PURPOSE: Constitutive activation of ERK1/2 controls proliferation of uveal melanoma cells. Because an autocrine fibroblast growth factor (FGF) activation loop controls ERK1/2 activation in many cancers, this study was conducted to examine the role of the FGF/FGF receptor autocrine loop in the ERK1/2-dependent proliferation and survival of uveal melanoma cells. METHODS: Primary tumors and cell lines (OCM-1, MKT-BR, SP6.5, Mel270 and 92.1) were used to define the role of the FGF/FGFR system in human uveal melanoma. Cell proliferation was assessed by MTT-staining, and apoptosis was quantified by flow cytometry. Specific pharmacologic inhibitors of ERK1/2 and FGFR1, an anti-FGF2 neutralizing antibody and an antisense oligonucleotide directed against FGF2 were used to analyze signaling in the FGF/FGFR autocrine loop. RESULTS: FGF1, FGF2, and their FGFR1 receptor were strongly expressed in the primary uveal melanomas. All five uveal melanoma cell lines expressed and secreted FGF2. They also expressed FGFR1. Cell proliferation was strongly reduced by the antisense oligonucleotide-mediated depletion of endogenous FGF2, immunoneutralization of secreted FGF2, and pharmacologic inhibition of FGFR1. The FGF2/FGFR1-mediated signaling pathway was identified by showing that inhibition of either FGF2 or FGFR1 reduced ERK1/2 activation, cell proliferation, and survival. CONCLUSIONS: The FGF/FGFR/ERK signaling pathway may be a target for therapeutic strategies against uveal melanoma.

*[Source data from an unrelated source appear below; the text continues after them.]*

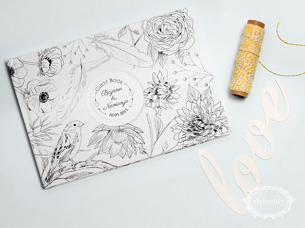 • Sveska 50 strana, tvrdi povez sa ukrasnim koricama i imenima mladenaca
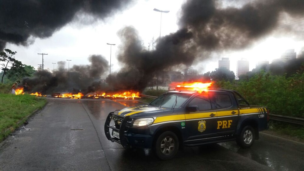 Manifestantes colocaram fogo em pneus e fecharam a BR-101, na Zona Oeste do Recife (Foto: PRF/ Divulgação)
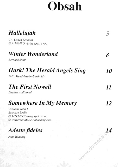 A4, sešit, 27 s.|n||n|Vánoční písně pro kvartet příčných fléten přináší poutavé zpracování 6 známých světových vánočních koled od těch klasických až po ty moderní. Publikace obsahuje partituru i party.
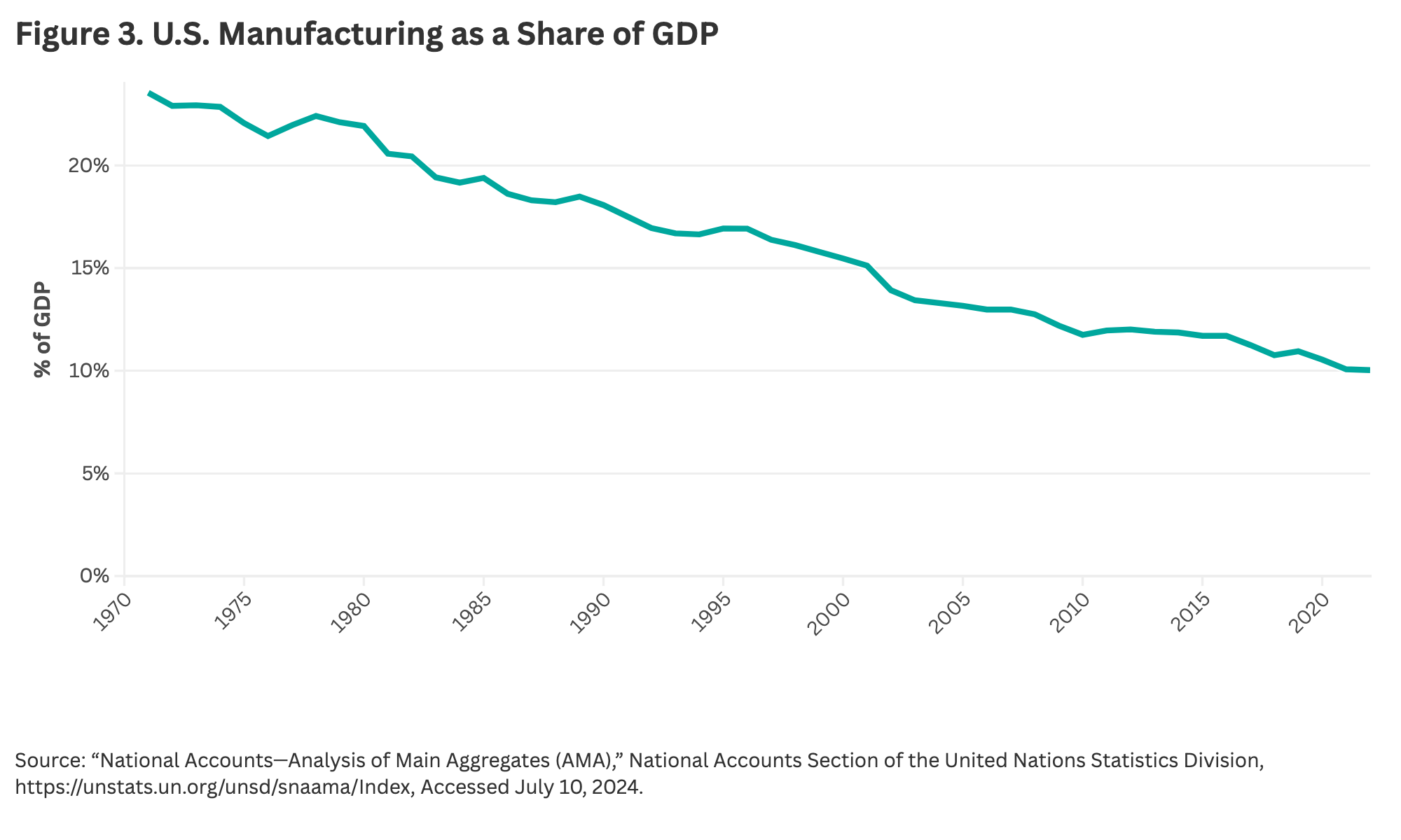 The United States, as a deficit country, experiences the opposite of what surplus countries experience. The current trade system increases the capacity of American households to consume, while reducing the competitiveness of American manufacturing. As a result, U.S. producers are effectively forced to subsidize U.S. consumers, which has hollowed out the American manufacturing industry. The U.S. share of global manufacturing fell from 15 percent to 10 percent over the period 2000 to 2021, as shown in Figure 3. Without the advantages foreign manufacturers enjoy due to their governments’ industrial policies, American manufacturers are forced to compete on unfair terms.

17-AAG and 17-DMAG-induced inhibition of cell proliferation through B-Raf downregulation in WT B-Raf-expressing uveal melanoma cell lines.

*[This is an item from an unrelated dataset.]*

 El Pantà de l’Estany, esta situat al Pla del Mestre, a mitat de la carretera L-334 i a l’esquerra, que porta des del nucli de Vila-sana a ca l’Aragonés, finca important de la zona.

PURPOSE: The HSP90 inhibitor 17-allylamino-17-demethoxygeldanamycin (17-AAG) has been shown to have promising results in antitumor activity through the degradation of the activated V600E mutant of B-Raf (V600E B-Raf) in cutaneous melanoma cell lines. It has different effects, however, on the wild-type form of B-Raf (WT B-Raf), according to the WT B-Raf activation levels in the tumor cells. Uveal melanoma cells express WT B-Raf and only rarely express V600E B-Raf. This study was conducted to investigate the effects of HSP90 inhibition on uveal melanoma cell lines. METHODS: Human uveal melanoma cell lines were treated with the HSP90 inhibitors 17-AAG and 17-dimethylaminoethylamino-17-demethoxy-geldanamycin (17-DMAG). Cell proliferation was assessed by MTT staining, and apoptosis was quantified by flow cytometry. Analysis of the expression of HSP90 and activation of the MEK/ERK downstream signaling of B-Raf was performed by Western blot. Effects of the downregulation of the HSP90 cochaperone, cdc37, on cell proliferation and activation of MEK/ERK was investigated by siRNA strategy. RESULTS: The inhibition of HSP90 downregulated B-Raf, decreased cell proliferation, and reduced activation of MEK/ERK in uveal melanoma cell lines expressing WT B-Raf. HSP90 inhibition also reduced the expression of Akt, but the inhibition of Akt had no effect on cell proliferation, ruling out a role of Akt in the 17-AAG-induced inhibition of cell proliferation. The downregulation of cdc37 did not affect MEK/ERK signaling and cell proliferation, demonstrating that the cochaperone was not required for HSP90-controlled stability of B-Raf. c-Kit was also downregulated after HSP90 inhibition. The combination of 17-DMAG with imatinib mesylate, the inhibitor of c-kit, had synergistic inhibitory effects on cell proliferation in WT B-Raf uveal melanoma cell lines. CONCLUSIONS: These results suggest that targeting HSP90 in tandem with c-Kit inhibition may be a promising therapeutic approach to uveal melanoma.